Я уж не говорю уже про обычное чтиво, не имеющее отношения к моему образованию, когда читаешь от безделья. Как, скажем, с той раскрученной куртизанкой античного мира. Шорох пошёл по всей Общаге: «У, Ефремов! Таис Афинская! Потолок! Вершина и предел мечтаний!» Илюша Липес дал мне ту гетеру всего только на два дня. Так что, после общего отбоя в полночь, мне приходилось тащиться в коридор и читать под светом лампы в потолке, между умывальником и мужским туалетом.
Там я сидел на стуле из нашей комнаты, в овчинном полушубке на плечах, слишком коротком, чтобы закрыть мои бледные ноги, потому что перед этим — читал в постели, свет вырубили, а мне лениво одеваться полностью. А что такого? Нечего гулять вокруг в такое время суток, а кому приспичило — пускай делают вид, что встретили меня на пляже. На Золотых, блин, на Песках...
Но при всём уважении к Липесу, это не литература, а ещё одна картинка из учебника "История Древнего Мира" для пятого класса среднеобразовательной школы. Школьником, я любил рассматривать эти цветные иллюстрации в конце книги, где рабы Египта волокут каменные блоки к пирамиде, и Римские легионы маршируют усмирять варваров. Красочно, спору нет, но литература и лубочные картинки не одно и то же…
Хотя, невозможно угадать, где найдёшь, где потеряешь...
Когда я там, под тёмным стеклом замёрзшего окна, бегал глазами вдоль строк с описанием античного праздника, где участники мчат среди ночи в ритуальном забеге нагишом, у меня снова случилось видение.

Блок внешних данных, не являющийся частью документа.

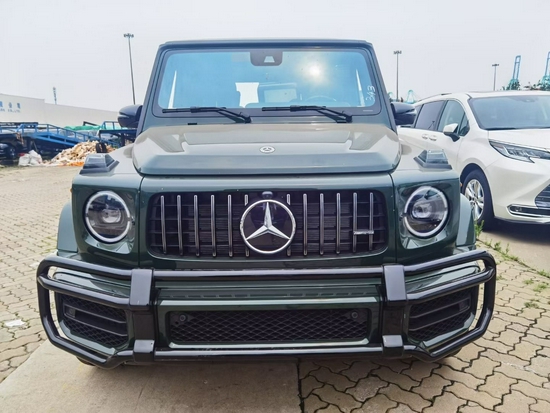 21款奔驰G63它硬朗的方盒子造型,没有多余的弧度、没有任何曲线,眼光所及满是平直锋利的线条,就连车顶上的导雨沟槽,也是沿着车顶周围一圈,分外焊接上去的金属槽,车门搭钮更是绝不虚心,硬挺挺地屹立在门缝之外,外凸的轮拱、造型如同 梯形的引擎盖。
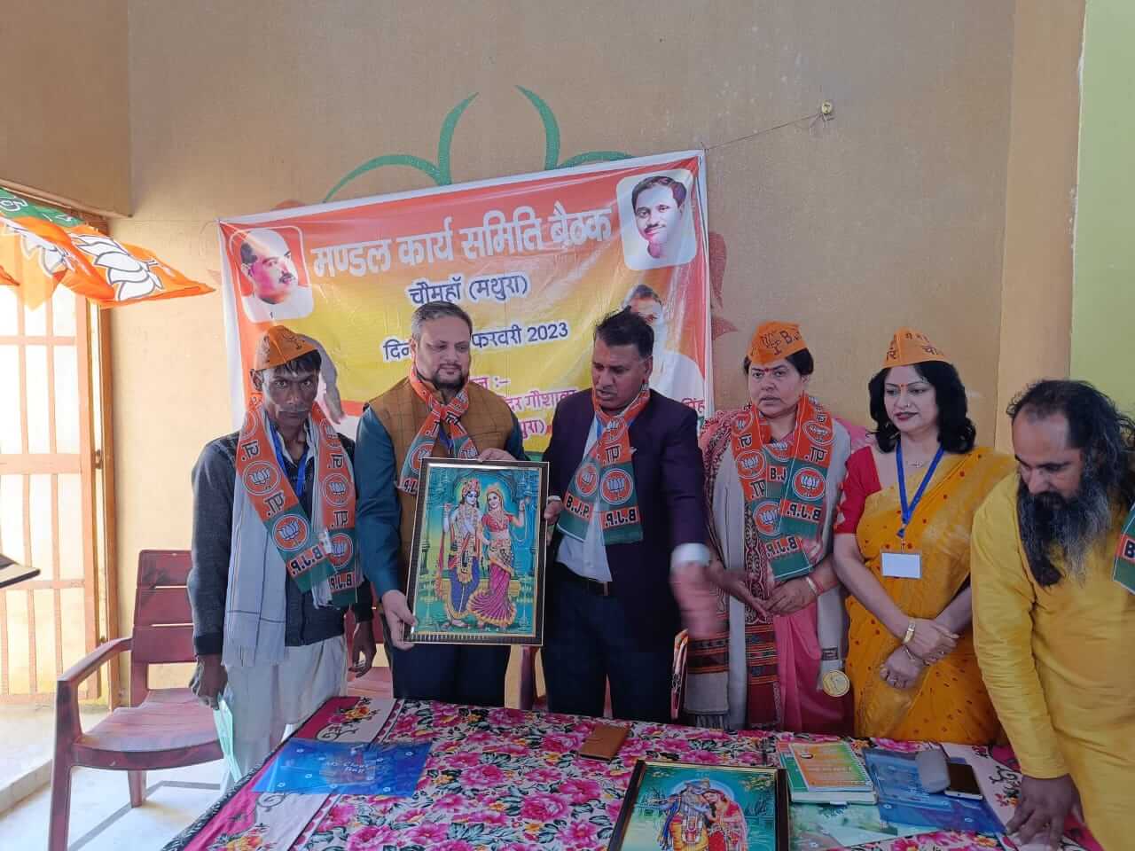मथुरा। भारतीय जनता पार्टी की मंडल चौमुहा कार्यसमिति की बैठक ग्राम अकबरपुर श्री गोपाल मंदिर अनाथ गौशाला पर कुशल संपन्न हुई जिसमें अलग-अलग पार्टी के जिले से पधारे मुख्य वक्ताओं द्वारा कार्यकर्ताओं को जिला अध्यक्ष मधु शर्मा ने संबोधित किया मधु शर्मा के कुशल नेतृत्व में छाप आगामी निकाय चुनाव परिश्रम करने की अपील की कार्यक्रम में सभी भाजपा कार्यकर्ताओं मंडल अध्यक्ष डॉ राजवीर सिंह ने धन्यवाद दिया मंडल प्रभारी इंजीनियर कल्पना गर्ग देव ऋषि सोशल मीडिया संयोजक आदित्य पांडे ब्लाक प्रमुख शोभाराम समाजसेवी पूरन सिंह सिसोदिया महामंत्री मुरारी लाल महामंत्री राजवीर सिंह मंडल मंत्री श्री हरि गोपाल शास्त्री मूलचंद प्रधान करौली ओमप्रकाश प्रधान दिनेश बाबा मदन मोहन दास और अन्य कार्यकर्ता भारी संख्या में मौजूद रहे।

На какую-то долю секунды — я окунулся в густую тьму Греческой ночи и ломился, голый, как нудист, по чёрным поперечным теням тёмных деревьев, среди влажного мерцания звёзд над головой… Потом — цок! — и снова на мне полушубок, а я на стуле под холодным светом одинокой флуоресцентной лампы в потолке, и серый бетон пола уходит в неизмеримую даль коридорной мглы, объятого сном общежитии, но тело моё всё ещё напряжено той парой скачков шального бега через ту долю секунды, а кожа моя всё ещё ощущает прохладу ночи из дальнего прошлого...
(...ну? и что ты тут будешь делать? А делай как все — пожми плечами, забудь и живи дальше. Так же, как все, как все, как все… Но сама книга, всё равно — полная херня...)
~ ~ ~
Не лучшей хернёй были все те — Теоретические Грамматики, ТеорФонетики, Научные Коммунизмы, Коммунистические Эстетики и кучи прочего всего — ни в склад ни в лад, из обязательной институтской программы…
Хотя, отчасти, я понимаю лекторов, которые нам всё это вливали. Во глубине времён минувших, их вынудили всё это заучить и нынче, на основании перенесённых мук, они на нас, студентах, вымещают их персональную неудовлетворённость столь дерьмовым устройством жизни.
"Приходи ко мне в перинхму —
Позиготимся чуток..."
По-настоящему, мне всего лишь одна лекция понравилась по… грамматике? фонетике? Ну короче, Скнар её читал. Это точно, потому что именно он выдал ту Лекцию Лекций.
Хотя фамилия звучит как глумливое погоняло, сам он мужик неплохой. Когда я отправлялся, чтоб меня прикрыли в горбольнице, потому что медперсонал института не имел антивирусных средств привести мою, галопирующую с такой нескромной регулярностью, температуру в правильное русло, он одолжил мне "Тихого Американца" Грэма Грина, на Английском. Без одолжённого тихони, не знаю, как бы я и выжил в ту неделю с чем-то. Из-за сопалатника на койке у двери. Во, он храпел! Аж шторы на окнах пузырились...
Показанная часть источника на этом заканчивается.